International Forecaster Weekly

Legacies of deprivation, warnings of recession

GW Bush legacy is one of cuts to programs and cuts to taxes for the rich, staff shortages cause backlogs in receiving disability benefits, elitist hairbrained schemes to fix the dollar, The unfolding mortgage crisis hits Washington DC area, Morgan Stanley issues recession warnings.

Bob Chapman | December 16, 2007

President George W. Bush and his neocons over the past seven years have inflected grievous harm on important domestic programs in favor of tax cuts for the wealthy and his never ending Iraq War. For openers is our chronically under-funded Social Security administration. Due to staff shortages, hundreds of thousands disabled Americans are not getting timely receipt of their disability benefits. Those who are appealing an initial rejection now number 755,000 up from 311,000 in 2000. The average wait for an appeal is 500 days, twice as long as in 2000. Two-thirds usually win their appeal, but during the 17-month wait their conditions often deteriorate, some have their lives fall apart, some lose their homes and some declare bankruptcy. Some even die.

Part of the problem is there are only 1,025 administrative law judges and hardly enough support staff. This has been going on for a long time and both parties are to blame. The Democratic Congress wants to increase funding and the White House is again resisting.

Last month, Congress passed a $151 billion health, education and labor-spending bill that would have given the Social Security administration $275 million more than the president requested. The president, who will spend $2.4 trillion on wars vetoed the bill as profligate, and has told Congress he has no intention on compromising. We need an entirely new Congress and Ron Paul as President.

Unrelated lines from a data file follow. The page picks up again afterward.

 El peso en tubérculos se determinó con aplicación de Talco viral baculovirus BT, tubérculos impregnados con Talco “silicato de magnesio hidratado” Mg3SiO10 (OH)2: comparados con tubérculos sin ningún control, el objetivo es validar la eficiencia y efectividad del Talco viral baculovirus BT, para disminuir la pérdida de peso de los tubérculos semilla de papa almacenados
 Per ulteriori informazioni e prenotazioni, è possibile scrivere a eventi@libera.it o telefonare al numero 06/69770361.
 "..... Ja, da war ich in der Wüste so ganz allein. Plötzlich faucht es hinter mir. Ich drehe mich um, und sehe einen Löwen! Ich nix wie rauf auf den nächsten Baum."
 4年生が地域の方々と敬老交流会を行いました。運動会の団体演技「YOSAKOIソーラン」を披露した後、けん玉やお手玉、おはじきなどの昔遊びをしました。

The Illuminists have just sent up a trial balloon in the Financial Times of London in an essay by former US Treasury official, Fred Bergston, on “How to Solve the Problem of the Dollar.”

This is another harebrained scheme by the elitists that would allow sovereign holders of huge dollar surpluses to exchange them for SDRs, Special Drawing Rights in an account at the IMF. Why would anyone want to exchange real money that can be spent for imaginary monetary units of measure? Worse yet, they will invest the SDRs in US Treasuries. The same US that caused the problem and the debt that never will be repaid.

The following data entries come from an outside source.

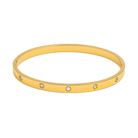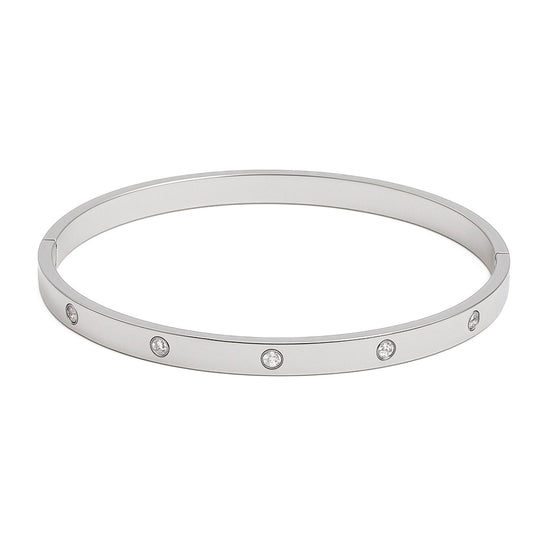 Rigid bracelet in stainless steel , characterised by a smooth and shiny surface, enriched by small luminous zirconias arranged with balance and discretion.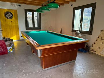 Tavolo da biliardo anni 90 di Pietro Mari con tappeto rifatto nel 2012 e mai usato A corredo luci Porta stecche, stecche e segna punti. Ritiro a mano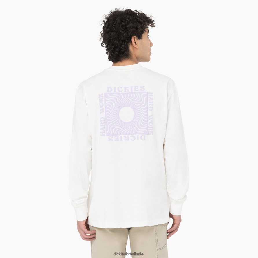 A camiseta masculina Oatfield é uma silhueta clássica de gola redonda feita de uma confortável fabricação de jérsei. a camiseta de manga comprida tem nosso logotipo “dickies hard work” no peito e gráfico quadrado de explosão de sol nas costas.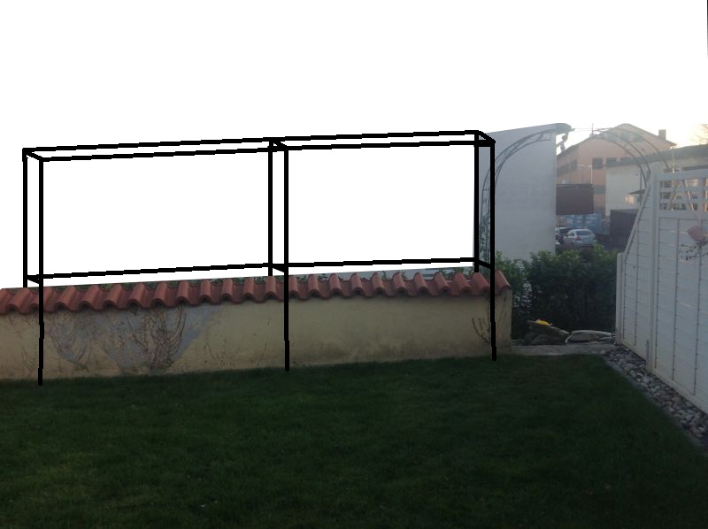 Allerdings könntest du auf das Problem stoßen, wenn du die Löcher zum Befestigen der Streben bohrst, je nachdem wie tief, daß du auf Armierungseisen in den L-Steinen triffst.

Bergsten alludes to the IMF’s gold a potential backing for the SDRs. The IMF has no gold; only pledges from members to donate gold. This is the same gold the IMF wants to sell in order to cover its expenses. The insiders do not want these dollars spent. They want them taken out of circulation. What they should do is use the SDRs to buy CDOs and SIVs. The elitists want a return to monetary stability, but dollar holders will get screwed in the process. This is the same thing they did in 1978-80 and it was a colossal failure.

CompUSA will close all of its 103 stores. There will be store-closing sales to dump inventory. Mexican billionaire Carlos Slim Helu's Grupo Carso SA owns the privately held company.

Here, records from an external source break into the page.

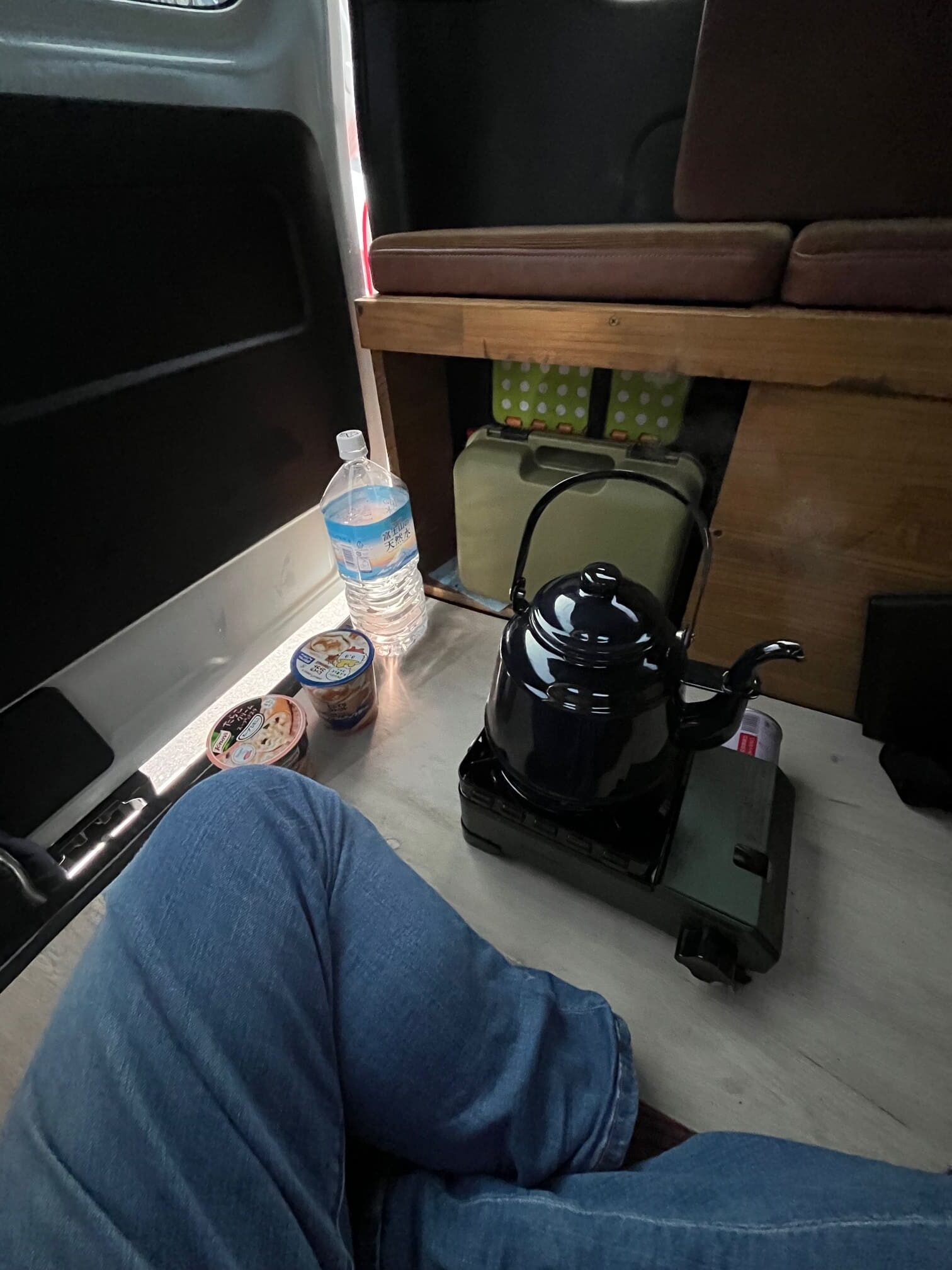 車内でお湯を沸かしながらスープとパンで朝食♩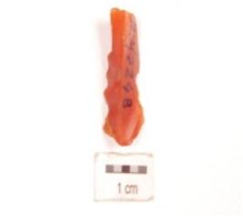 | Description / विवरण | A core on carnelian with four blade scars on surface. |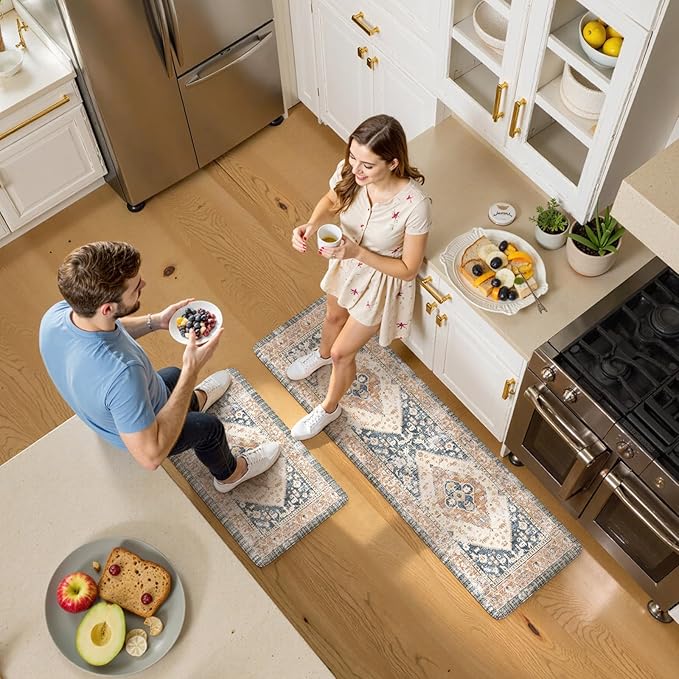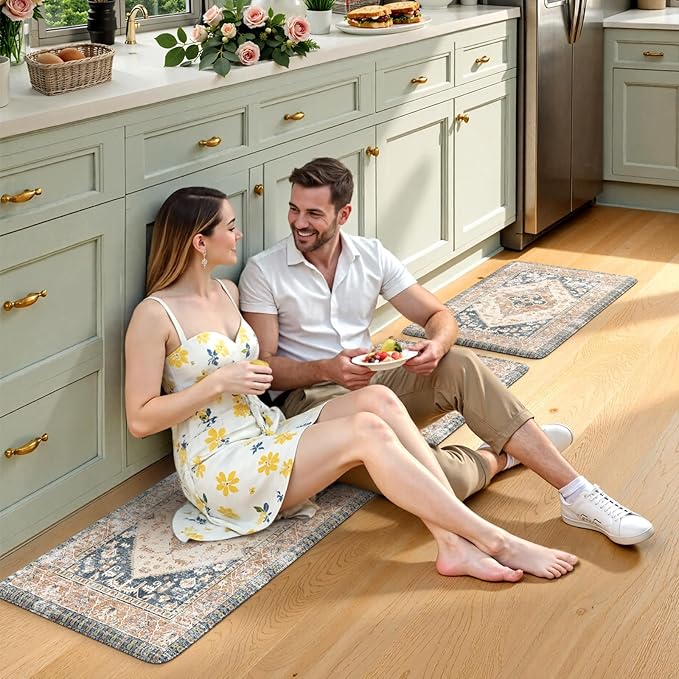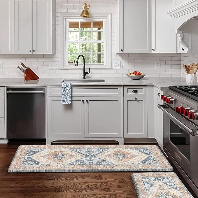 - Versatile: Vintage farmhouse style kitchen rug design features a central medallion and floral motifs in the style of Oriental rugs,easily to match your kitchen decor,bright your home.Soft thick foam provides ample support for standing in kitchen sink,laundry room, office,bathroom,dinning room,or any other high-traffic area

Washington, DC's Prince Georges County, an area considered immune to the unfolding mortgage crisis, is suffering a surge of loans gone bad. These are the people with well-paid government contracting jobs. There were 79 foreclosures for every Washington area 10,000-houshold-area households, up from 11 yoy. Most were subprime or ALT-A loans, but they were in no way limited to low-income borrowers, many have $60,000 to $100,000 incomes. In Prince William and Loudoun County, 262 and 219 of every 10,000 households are in foreclosure.

The trade deficit increased to $57.8 billion in October, up from $57.1 billion in September.

Morgan Stanley has issued a full recession alert for the US economy, warning of a sharp slowdown in business investment and a perfect storm for consumers as the real estate and credit collapses spread with no end in sight. As delinquencies and defaults soar, lenders are tightening credit by 60 to 80 PBS. High yield spreads have widened even more significantly. The absolute cost of borrowing is higher than in June. They are puling back on credit card, commercial, auto lending, as well as for mortgages. The foreclosure rate on residential mortgages have hit a 19-year high of 5.59%, while the glut of unsold properties will lead to a 40% crash in housing production says, Morgan Stanley.

The last time around construction fell 60% and today the situation is far worse. We see 60% to 75%. Those companies and affiliated industries make up 25% of GDP. We have very serious problems caused by the Fed, Wall Street, and banks, corporate America and our corrupt elected leaders.